What a pity it is that we shall all be punished by having to live under Sir Keir Starmer, while they go off to the well-paid world of the played-out politician.
The macho talk that does Israel no favours
How strange it is to recall the late 1960s, when Israel was a positively popular country in most of the West, especially in Europe. One odd aspect of this was the huge success of an Israeli singing duo, Esther and Abi Ofarim, who at one stage were seldom absent from British TV with a fairly awful song called Cinderella Rockefeller.
There was no doubt that Israel’s smashing victory in the 1967 war, which most accepted had been provoked by Egypt, played a part in this.
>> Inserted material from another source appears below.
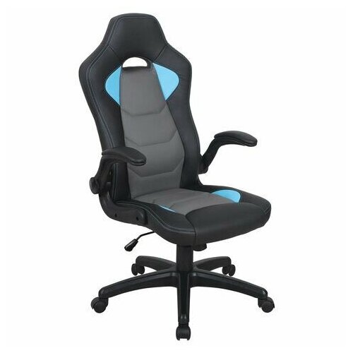 Кресло компьютерное BRABIX "Skill GM-005" экокожа черное/голубое
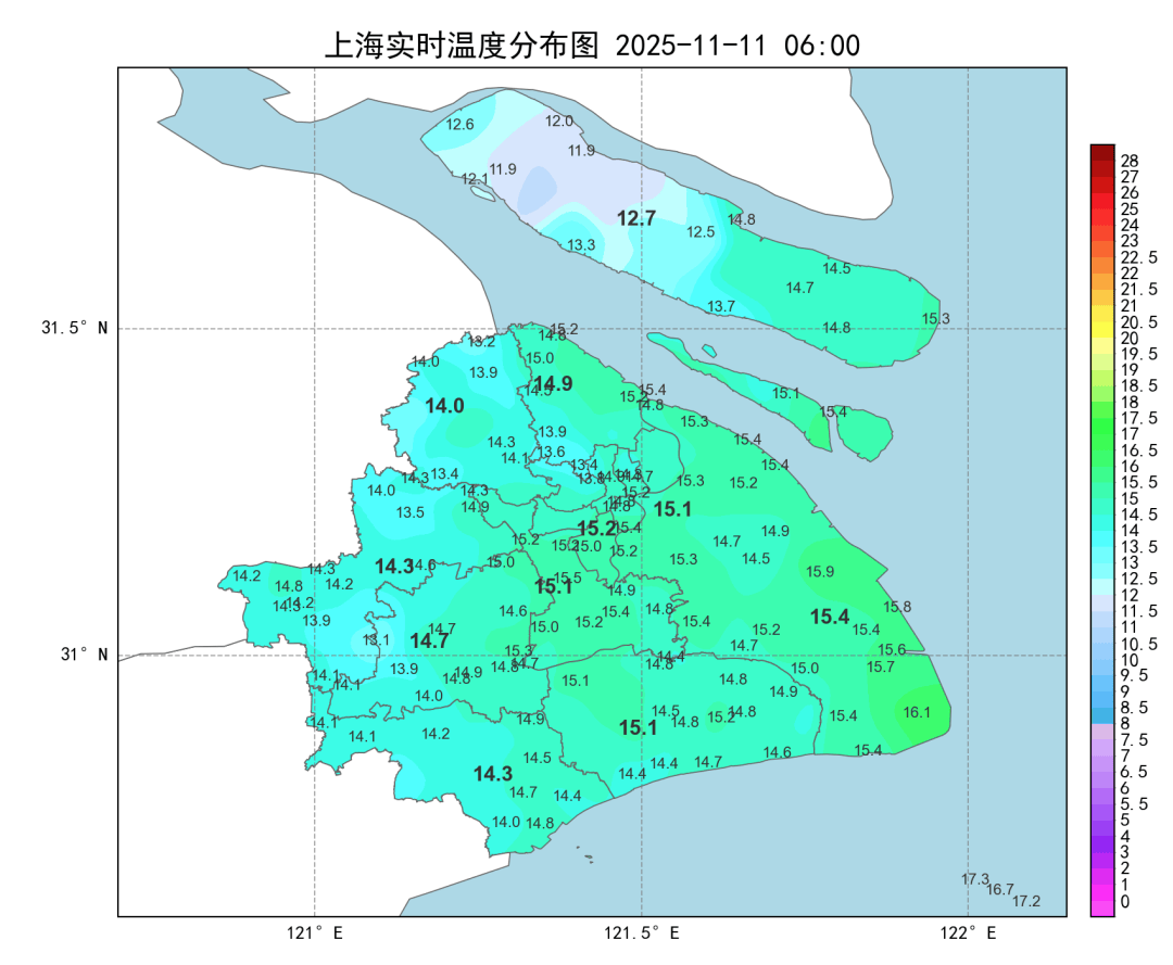 受冷空气和台风“凤凰”外围的共同影响,周中上海将有一次风雨天气过程。雨水主要出现在周三,预计雨量在小雨到中雨量级。周三起风力开始增大,周四陆地最大阵风6级,沿江沿海地区阵风6~7级。本周后期天气转好,温差拉大,早间气温较低,部分郊区可能跌至个位数。预计下周初本市受冷空气影响,气温将会明显下降。

In the same era, many non-Jews went off to Israel to work on kibbutzes, seeing the young state as an idealistic small country besieged by spiteful enemies.
It wouldn’t happen now. And it is Israel’s accelerating loss of popularity in the West which worries me so much about the recent weeks of bombardment of Gaza. Whatever the end of the current episode is, such a country depends a lot on international goodwill. Lose that goodwill and it will be forced, by the USA, into a dangerous and unsustainable peace deal. Tanks and bombs don’t protect countries from such things. Nor does the sort of macho talk I currently hear from a lot of fairweather friends of Israel.